Overall in Cambodia, domestic tourism is down about 10 to 15 percent, but he did see signs that on major holidays demand is picking up. The five-day Khmer New Year holiday was held in August this year, having been pushed back from its usual date in April. During the festivities 1.4 million Cambodians travelled to domestic destinations, generating $100 million in revenue.

Thai senator Weerasak Kowsurat struck an upbeat note for tourism in the Southeast Asian region, predicting that “there will still be carriers and there will be people sitting in them.”

In the meantime, Thai resorts are also getting support from local tourists, with hotels in Hua Hin and Pattaya completely full.
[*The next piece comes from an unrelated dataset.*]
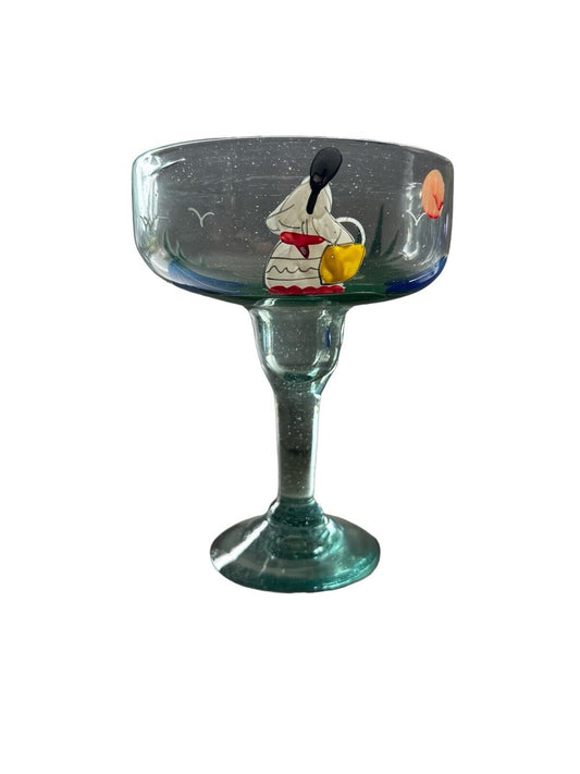 Authentic Blown Glass Hand Painted Margarita Barware Made In Mexico Tonala

He said resorts that were close to major cities were benefiting from locals taking long weekend breaks.

When it comes to reopening international borders, Thailand is considering a slightly different approach and is looking at opening up two of its islands — Koh Samui and Phuket — to tourists. The plan had been to begin Oct. 1st, however, fresh cases look to have delayed the process.

“We will look at opening up certain areas and if it goes well, we will open other areas in due course,” he said.

Panel moderator Steven Schipani of the Southeast Asian division of the Asian Development Bank praised the efforts taken by the various governments to support their tourism industries through the crisis and to retain jobs.

However, he noted that domestic tourism will not be able to fill the vacuum created by a lack of international visitors.

“Until we can reestablish international visitation we are going to have a hard time,” he said. “Last year the talk was about over tourism and now it’s the opposite. We now have the opportunity to do things differently.”